Depuis ses débuts, l’Église a choisi la voie d’une inculturation profonde au sein de la société laotienne, adaptant avec souplesse les rites liturgiques pour les harmoniser avec les coutumes locales. Les pratiques traditionnelles indigènes sont célébrées au sein de l’Église avec une signification sacrée renouvelée. Par exemple, la cérémonie Sou Khwan (ou Baci) est utilisée pour demander la bénédiction de Dieu lors d’événements importants tels que les funérailles et les mariages. Bun Jaek est un rite qui consiste à se souvenir des défunts trois ans après leur décès, en priant pour la miséricorde de Dieu et le salut de leur âme. C’est également l’occasion pour la famille d’accomplir des actes méritoires, de faire des offrandes à l’Église, d’aider les pauvres et de vivre un esprit de compassion et de partage avec la communauté.

De nombreux termes empruntés au bouddhisme sont utilisés pour rapprocher la foi catholique du cœur des gens d’une manière naturelle et simple qui correspond à leur vie modeste et humble.
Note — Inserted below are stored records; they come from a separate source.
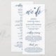 Nous le faisons, Elegant Modern Navy Blue typographie scénario thème de conception de script, carte de programme de cérémonie de Mariage. Il est conçu avec un accent de défilement qui peut être personnalisé avec du texte personnalisé/personnalisé pour votre fête de mariage, les détails de cérémonie, des notes commémoratives et un message de remerciement. Si vous cherchez d'autres types et tailles de cartes de programme, veuillez consulter notre section de collecte de cartes de programme correspondant.
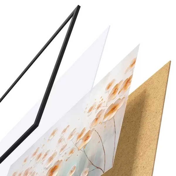 Plagát sa skladá z rámu, plexiskla, vytlačeného obrazu a podkladu z drevotriesky. Plagát možno okamžite zavesiť na stenu vďaka úchytom na zadnej strane.
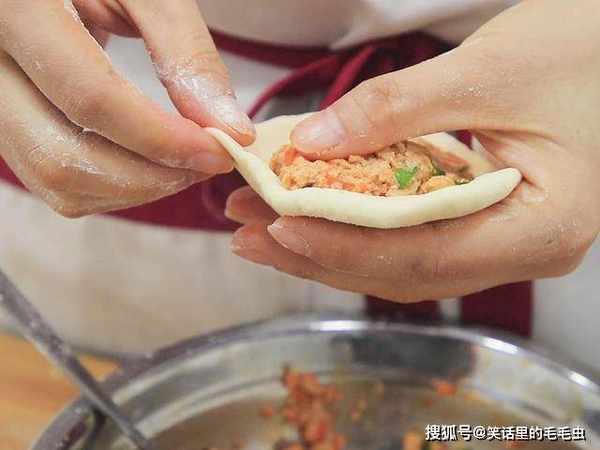拿起一个擀好的面皮,放入馅料用勺子把馅料按实,掂起面皮的一个边一点一点地折起来。手间不停旋转,按照这个方法包好所有的包子,每个包子留点空隙,盖上保鲜膜二次发酵10分钟。
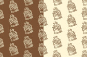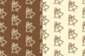 Narzędzie tnące Hacksaw grawerowanie bezszwowego wzoru na brązowym beżowym tle zestaw do obróbki drewna. Cięcie tła do wylęgania piły dla rzemieślnika. Piła ręczna linii artystycznej motyw tapety dla stolarki
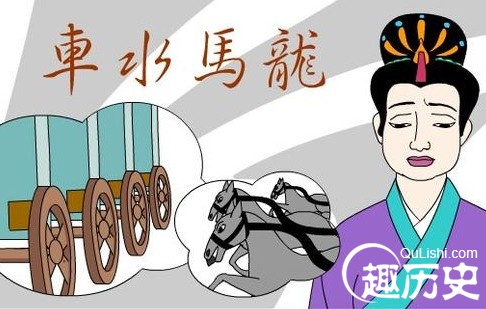 车水马龙的典故:东汉名将马援的小女儿马氏,由于父母早亡,年纪很小时就操办家中的事情,把家务料理得井然有序,亲朋们都称赞她是个能干的人。
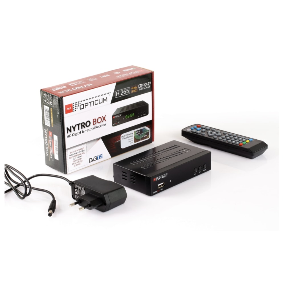 Receptor de televisão digital terrestre. Permite receber canais em alta e baixa resolução (HD e SD).
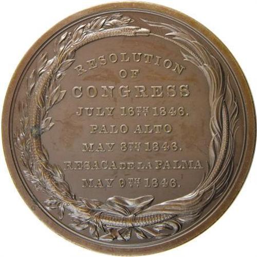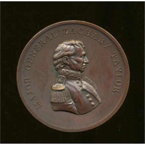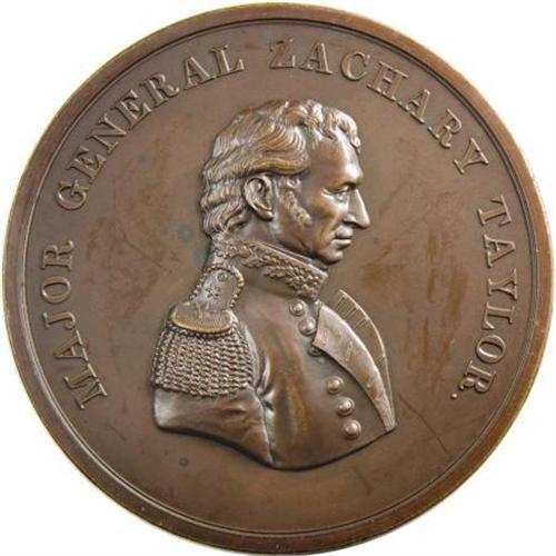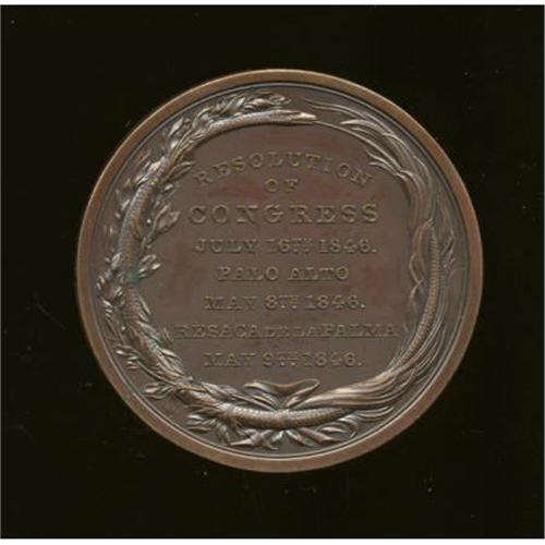 <B>Major General Zachary Taylor Medal, Julian-MI-22, MS63 NGC.</B></I> Bronzed copper, 65 mm. Obverse die by John T. Battin, reverse die by Moritz Furst. Obverse bust right, legend around MAJOR GENERAL ZACHARY TAYLOR, unsigned. Reverse serpent biting its tail intertwined with a wreath of laurel and palm, central inscription RESOLUTION OF CONGRESS JULY 16TH 1846. PALO ALTO MAY 8TH 1846. RESACA DE LA PALMA MAY 9TH 1846. Julian notes, "[U.S. Mint] Director Patterson suggested the use of the wreath reverse and even was responsible for the reverse wording. It is ironic to note that the particular wreath on the reverse had earlier been used on the 1812 Scott medal and showed some rather poor judgement on the part of mint officials. To use the old reverse from a medal struck for the leader of the other American army in Mexico (Scott) is, at best, strange."<BR> The present example boasts appealing medium-brown surfaces with good luster and some scattered flecks of carbon. Comes with NGC Photo Certificate.<BR><BR><b>Shipping:</b> Coins & Currency (<a target="_blank" href="http://www.heritageauctions.com/common/shipping.php">view shipping information</a>)

Par exemple, les titres traditionnellement réservés aux moines sont également utilisés pour désigner les prêtres et les évêques (Phra Song, Sangkarat, Nak Buat).

La formation des vocations locales est considérée comme une priorité absolue. Au départ, les séminaristes laotiens étaient envoyés en Thaïlande, au Vietnam et dans d’autres pays pour y suivre leur formation. Ce n’est qu’en 1998 que le premier grand séminaire national a été créé depuis les événements de 1975, devenant le berceau de la formation des prêtres pour l’Église laotienne. Le processus de formation sacerdotale comprend trois étapes : un petit séminaire pour les lycéens, un séminaire intermédiaire de deux ans et un grand séminaire pour compléter la formation. Parallèlement, des congrégations religieuses se sont également développées, combinant formation locale et formation à l’étranger, contribuant ainsi à diversifier les missions de service au sein de l’Église.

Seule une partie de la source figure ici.